Wählte man in Eppstein am Beginn der achtziger Jahre des 19. Jahrhunderts oft "freisinnig"
(also bürgerlich-liberal), so wandelte sich das nach Aufhebung des
Sozialistengesetzes. In Eppstein und Vockenhausen stieg der Stimmenanteil der SPD
trotz Unterdrückung der Meinungsfreiheit auf über 60 %. Die Lage im Raum Eppstein
/ Vockenhausen wurde in der Zeit von 1878 - 1890 - so lange war das Sozialistengesetz
in Kraft - von den Behörden an Hand der Bürgermeister- und Polizeiberichte
als insgesamt ruhig bezeichnet. Doch wurde immer wieder auf die geheime Agitation
der Sozialdemokraten hingewiesen. Bald sprach sich herum, wer in Niederjosbach
und in den Nachbardörfern zu sozialdemokratischen Tendenzen neigte oder sie gar
offen kundtat. In den Gemeinden Bremthal und Ehlhalten mit seiner katholischen und
besonders konservativen Bevölkerung sowie der landwirtschaftlichen Struktur waren
Sozialdemokraten selten. Bei Wahlen siegten immer die Kandidaten des Zentrums.

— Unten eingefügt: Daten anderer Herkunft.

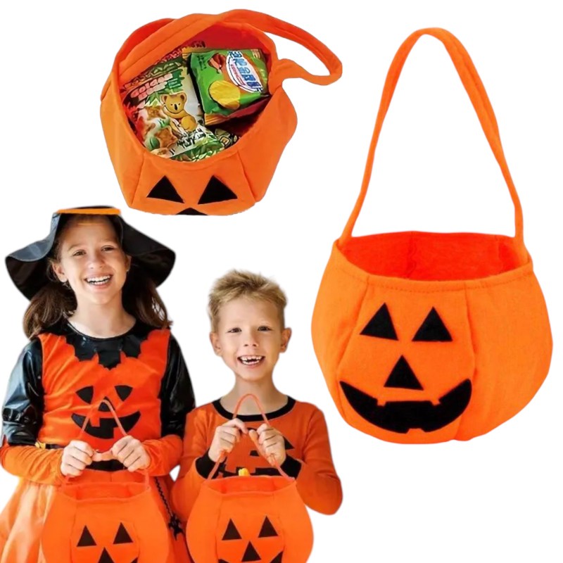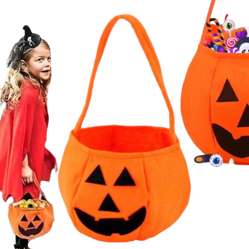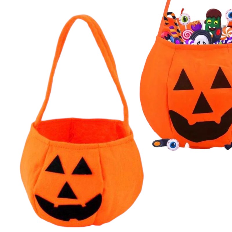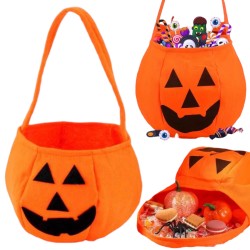 Koszyk do stroju i wystroju na Halloween lub święto Dyni. Idealnie sprawdzi się jako ozdoba domu. Miły w dotyku z wesołą buźką.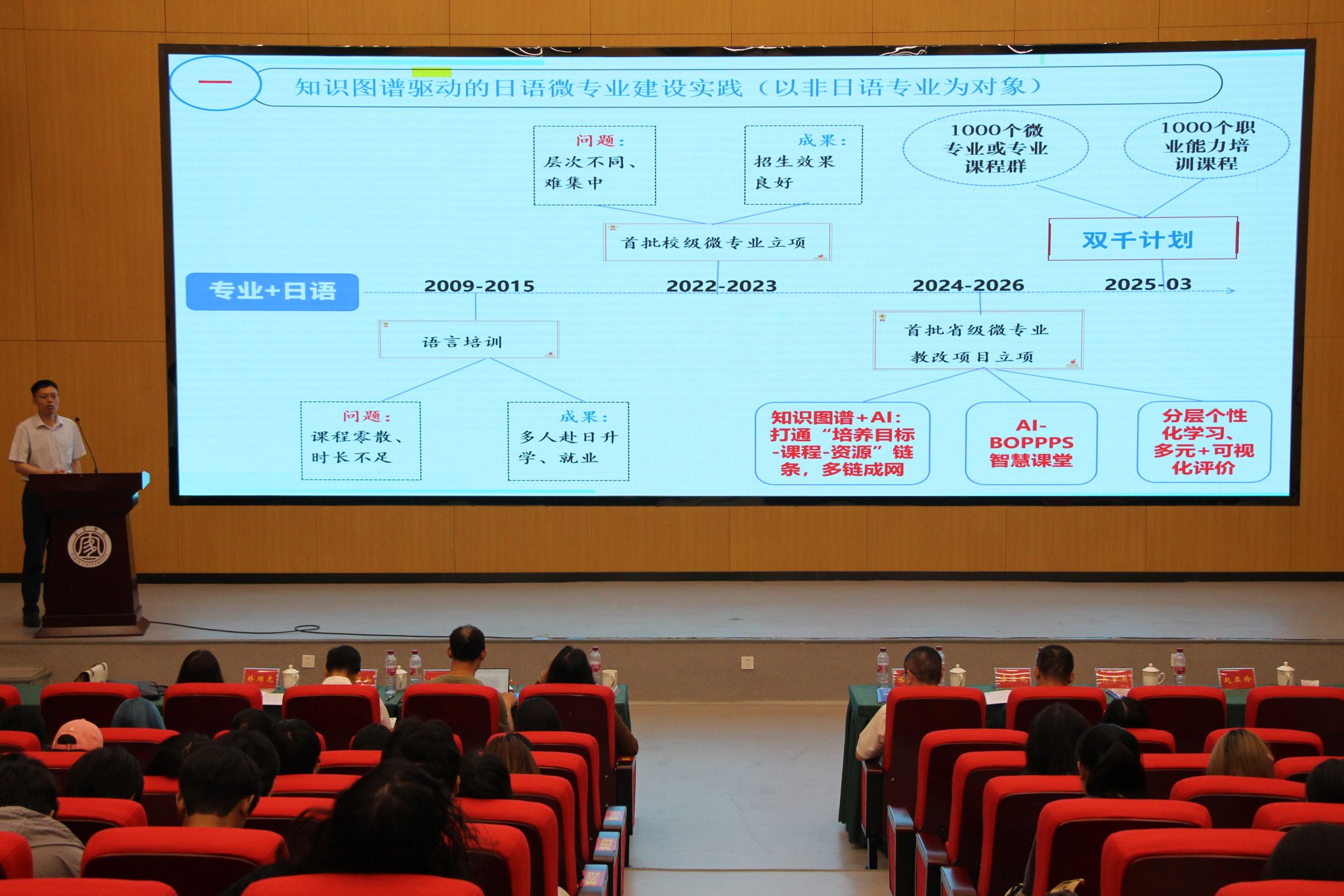 吴宦熙作了题为《知识图谱赋能微专业实践与“日语 + X”复合型人才培养路径探索》的专题报告。他针对地方高校非日语专业学生在涉日业务场景中存在的“专业能力过硬但日语应用不足”的能力断层,以及日语专业传统“语言技能型”培养模式导致的毕业生对口就业难这一双向困境,提出了构建由“六维模型 + 四维微课程群”组成的专业知识图谱驱动型 AI-BOPPPS 智慧教学模式,探索“日语 + X”复合型人才培养新范式,为破解日语人才培养中的现实问题提供了创新性思路与方法论支撑。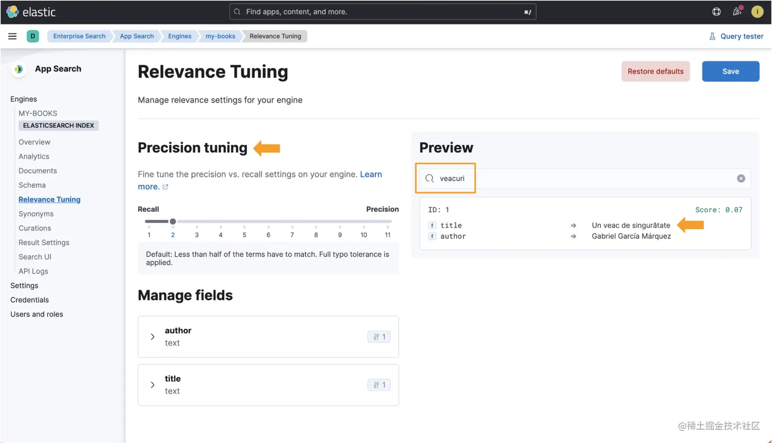 然而,在使用语言优化索引时,当我们搜索 veacuri 时,Elastic App Search 会将其与罗马尼亚语单词 veac 相匹配,并返回我们要查找的数据。 相关调整视图中也提供精确调整字段! 查看此图像中所有突出显示的位:

In Niederjosbach änderte sich das ab etwa 1890 entsprechend der Zahl, in der die
zunehmende Schar der Arbeitnehmer infolge des Bahnbaus und der späteren Einrichtung
des Bahnhofs Niederjosbach ihr Brot außerhalb des Dorfes verdiente.
1 Sozialistengesetz wurde am 19. Oktober 1878 im Reichstag des Deutschen Kaiserreichs verabschiedet, trat drei
Tage später in Kraft und galt bis zum 30. September 1890.